Python Linear Regression with SciPy, SciKitLearn, TensorFlow1, and TensorFlow2

This is more of a reference for myself on the multitude of ways that something as computing simple linear regression can be done with Python, SciKitLearn, TensorFlow1, and TensorFlow2. Also, this is a bit of a stepping stone type of project, where the next steps involve non-linear regression, multi-non linear regression in the form of image classification.

Note: the current focus is just linear regression, other items such as extrapolation and accuracy are not really considered (however they still might be mentioned).

Brief Background…

We are trying to find a line that best matches our data (that is the line of best fit) which is in the form:

y = mx + b \quad \mathsf{or} \quad y = \beta x + \alpha \quad \mathsf{or} \quad y = w\cdot x + \beta

Where the slope is represented by m (or \beta or w for weight), and the y-intercept is represented by b (or \alpha or \beta for bias). Note different texts and domains use slightly different notation, but the idea is still the same.

Analytical Solutions…

The line of best fit problem can be solved a two different ways: analytically and numerically. For the analytical solution, there is a classic solution which can be found by using least squares:

\begin{aligned} \mathsf{Slope} &= \frac{(n \sum xy – \sum x \sum y)}{ n \sum x^2 – \left(\sum x\right)^2} \\ \mathsf{Intercept} &= \frac{\sum y \left(\sum x\right)^2 – \sum x \sum xy}{n \sum x^2 – \left(\sum x\right)^2} = \frac{\sum y}{n}\ -\ \mathsf{Slope} \times \frac{\sum x}{n} \end{aligned}

The coefficient of determination (R^2) or goodness of fit, can be determined to be:

\begin{aligned} R^2 &= \frac{\left(\overline{xy} – \bar{x}\bar{y}\right)^2}{\left(\overline{x^2} – \bar{x}^2\right) \left(\overline{y^2} – \bar{y}^2 \right)} \\ &= 1 – \frac{\sum \left(y_i – \left(mx_i + b\right)\right)^2}{\sum (y_i – \bar{y})} \end{aligned}

The Normal Equation

The normal equation is another analytical technique to determine the coefficients of the line of best fit. It is more generic than the previous analytical technique and can work with multiple features or variables.

First we establish a hypothesis function:

h(\theta) = \theta_0x_0 + \theta_1x_1 + \cdots + \theta_nx_n

Where the \theta values are the weights/bias (or slope and intercept) and x_i corresponds to a value for each specific feature in the dataset.
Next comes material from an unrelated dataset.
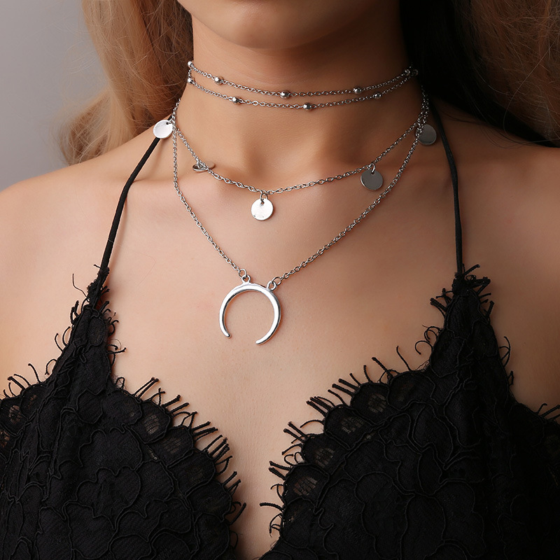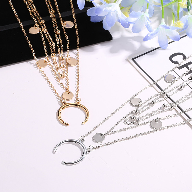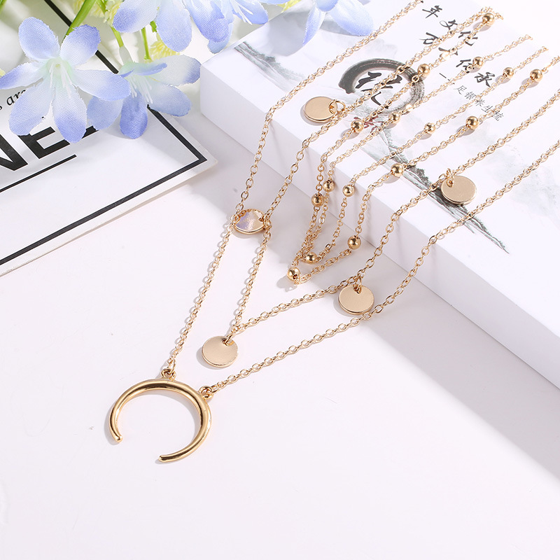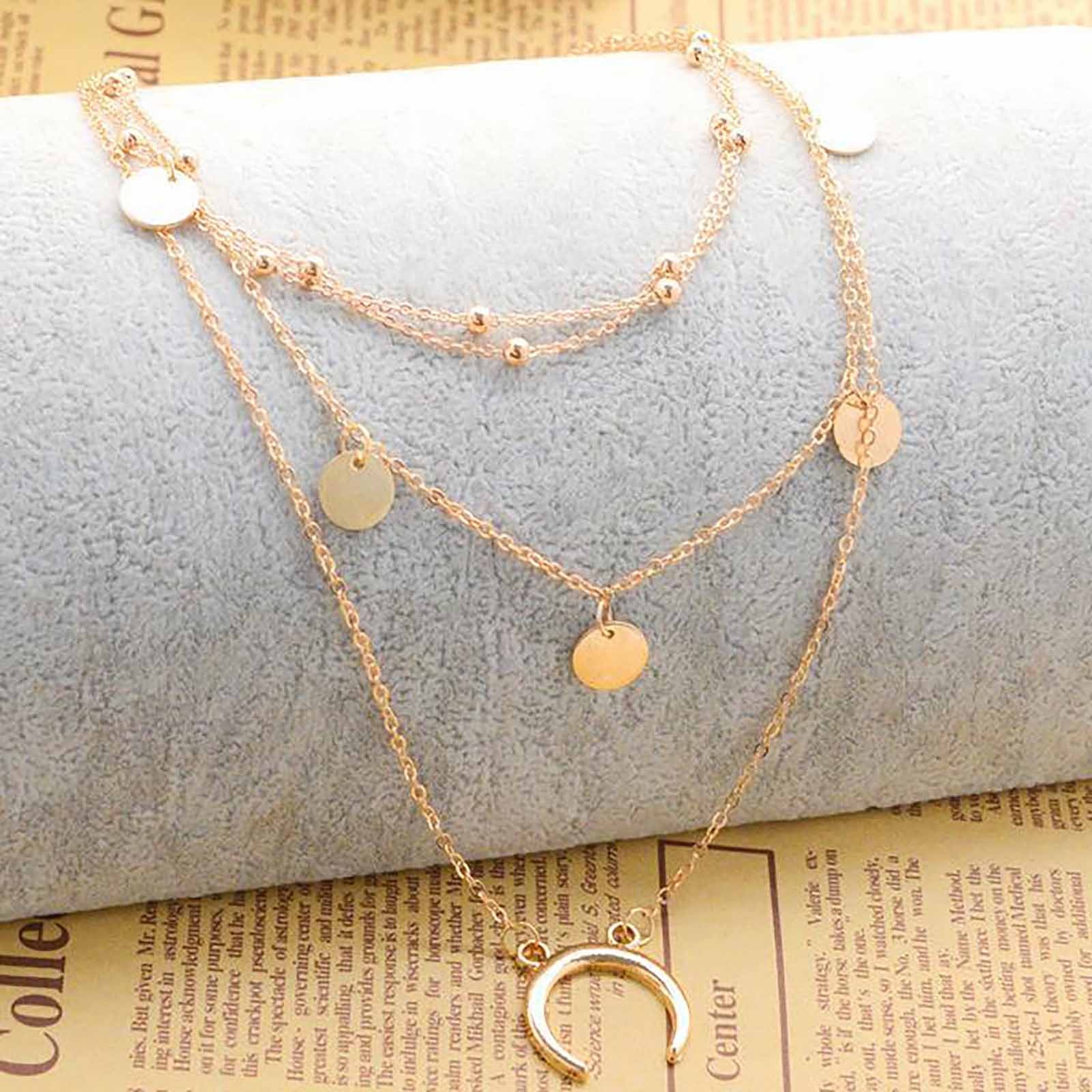 Vintage Multilayer Crystal Turkish Star Moon Necklace Sexy Beach Gold Pendant

To keep things a little more simple, the hypothesis function can be written in matrix form as:

h(\theta) = \theta^{\mathsf{T}}X

The goal is to minimize the cost function which is the mean squared error:

\mathsf{MSE}(X, h) = \frac{1}{2m} \sum_{i=1}^m\left[ \theta^{\mathsf{T}}x^{(i)} – y^{(i)} \right]^2

The cost function basically is the sum of the residuals. Using matrices, it can be rewritten as…

\mathsf{MSE}(X, h) = \frac{1}{2m} \left[ X\theta – Y \vphantom{\frac{1}{1}}\right]^{\mathsf{T}}\left[ X\theta – Y \vphantom{\frac{1}{1}}\right]

Finding the optimal \theta value can be found by taking the derivative and setting it to zero:

\begin{aligned} \frac{\partial \mathsf{MSE}(X, h)}{\partial \theta} &= \frac{1}{2m} \frac{\partial }{\partial \theta} \left( \left[ X\theta – Y \vphantom{\frac{1}{1}}\right]^{\mathsf{T}}\left[ X\theta – Y \vphantom{\frac{1}{1}}\right] \right) \\ &= \frac{1}{2m} \left( 2X^{\mathsf{T}}X\theta – 2X^{\mathsf{T}}Y\right) \end{aligned}

And setting it equal to zero…

\begin{aligned} \frac{1}{2m} \left( 2X^{\mathsf{T}}X\theta – 2X^{\mathsf{T}}Y\right) &= 0 \\ X^{\mathsf{T}}X\theta – X^{\mathsf{T}}Y &= 0 \\ X^{\mathsf{T}}X\theta &= X^{\mathsf{T}}Y \\ \theta &= \left( X^{\mathsf{T}}X \right)^{-1} X^{\mathsf{T}}Y \end{aligned}

Solving with Python…

The above formulas for the slope and intercept can be written in whatever language very easily; a Python implementation is available here. A lot of other Python packages also provide an analytical solution.

Python – Numpy

In Numpy, the polyfit function is used to perform regression; where the x and y values are specified along with the degree of the curve. To interact with the line of best fit the poly1d function is used. Note that no R-Squared function and thus a separate function needs to be written/found.

import numpy as np
coefficients = np.polyfit (xValues, yValues, 1)
print ('Slope: ', coefficients[0], ' Intercept: ', coefficients[1])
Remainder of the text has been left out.